▶ _Data section_:
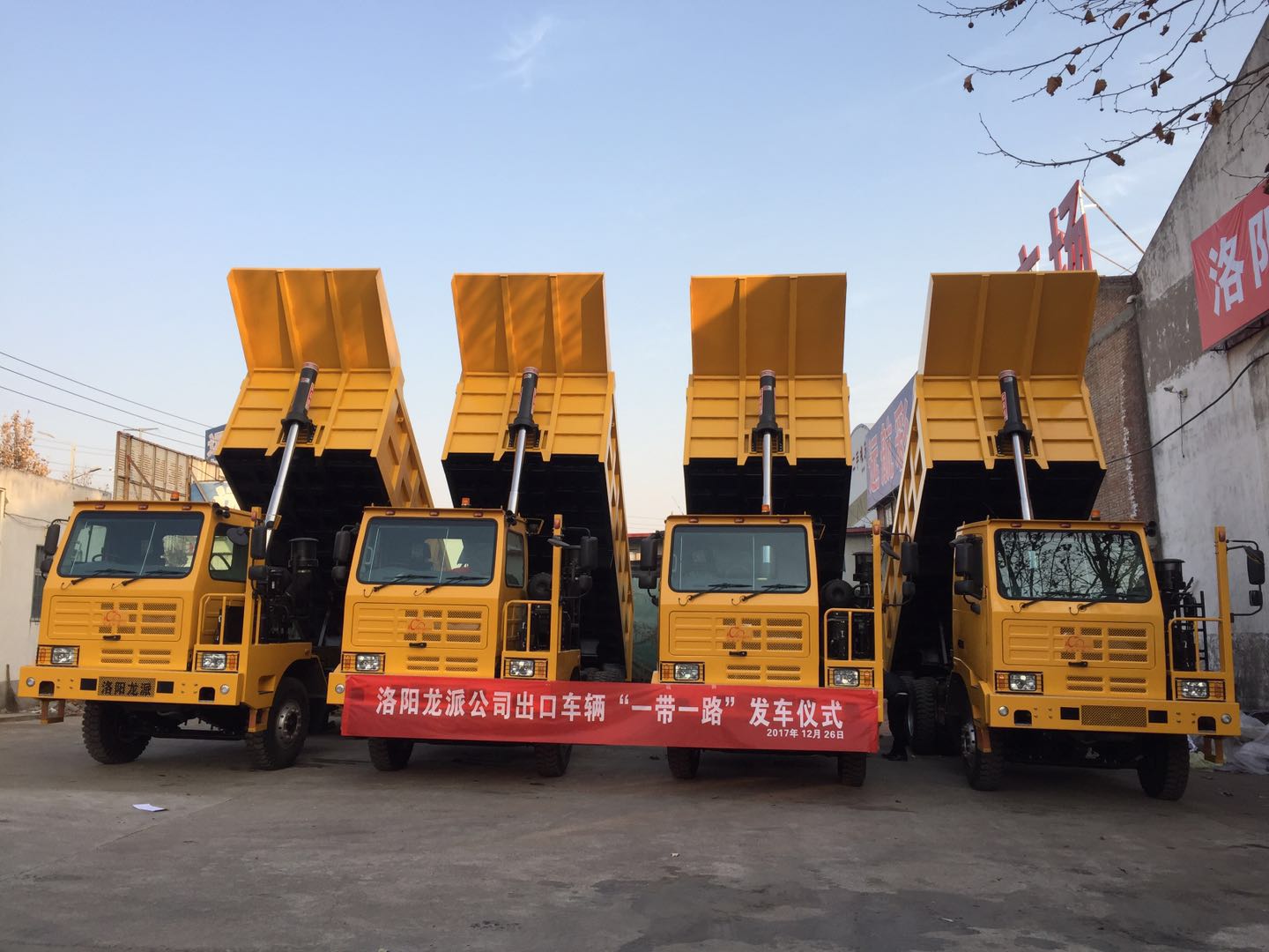 12月27日上午,一批為東南亞國(guó)家文萊某跨海大橋建設(shè)項(xiàng)目量身定制的非道路運(yùn)輸車,在洛陽(yáng)市老城區(qū)洛陽(yáng)龍派機(jī)械有限公司裝車起運(yùn)。
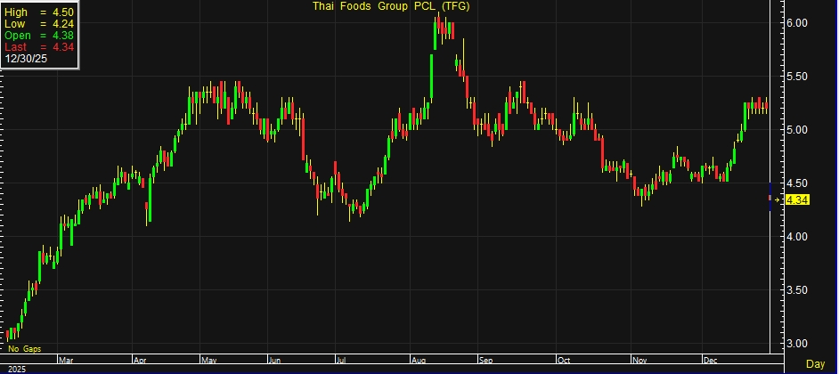 ผู้สื่อข่าวรายงานว่า วันนี้ (30 ธ.ค.68) ราคาหุ้น บริษัท ไทยฟู้ดส์ กรุ๊ป จำกัด (มหาชน) หรือ TFG ณ เวลา 10:03 น. อยู่ที่ระดับ 4.34 บาท ลบ 0.86 บาท หรือ 16.54% สูงสุดที่ระดับ 4.50 บาท ต่ำสุดที่ระดับ 4.24 บาท ด้วยมูลค่าการซื้อขาย 115.06 ล้านบาท
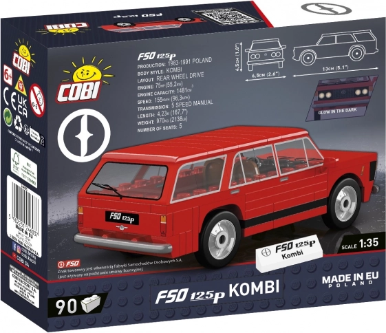 Sestavite ikonično vozilo FSO 125p Kombi v merilu 1:35 iz 90 kakovostnih kosov. Model s trpežnimi potiski, vrtečimi se kolesi in odlično združljivostjo z drugimi znamkami je idealen za zbiratelje in otroško zabavo.
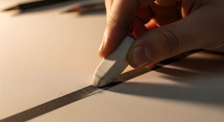 A close-up shot of an artist's hand holding a white eraser and carefully removing a portion of a thick, dark charcoal or pencil line on textured paper. The image represents the artistic process, making corrections, imperfection, and the act of creation.

▶ _Instructions for the task_: Line by line and exactly, write out the material above. Skip the pictures.

▶ _Result of this task_:
 12月27日上午,一批為東南亞國(guó)家文萊某跨海大橋建設(shè)項(xiàng)目量身定制的非道路運(yùn)輸車,在洛陽(yáng)市老城區(qū)洛陽(yáng)龍派機(jī)械有限公司裝車起運(yùn)。
 ผู้สื่อข่าวรายงานว่า วันนี้ (30 ธ.ค.68) ราคาหุ้น บริษัท ไทยฟู้ดส์ กรุ๊ป จำกัด (มหาชน) หรือ TFG ณ เวลา 10:03 น. อยู่ที่ระดับ 4.34 บาท ลบ 0.86 บาท หรือ 16.54% สูงสุดที่ระดับ 4.50 บาท ต่ำสุดที่ระดับ 4.24 บาท ด้วยมูลค่าการซื้อขาย 115.06 ล้านบาท
 Sestavite ikonično vozilo FSO 125p Kombi v merilu 1:35 iz 90 kakovostnih kosov. Model s trpežnimi potiski, vrtečimi se kolesi in odlično združljivostjo z drugimi znamkami je idealen za zbiratelje in otroško zabavo.
 A close-up shot of an artist's hand holding a white eraser and carefully removing a portion of a thick, dark charcoal or pencil line on textured paper. The image represents the artistic process, making corrections, imperfection, and the act of creation.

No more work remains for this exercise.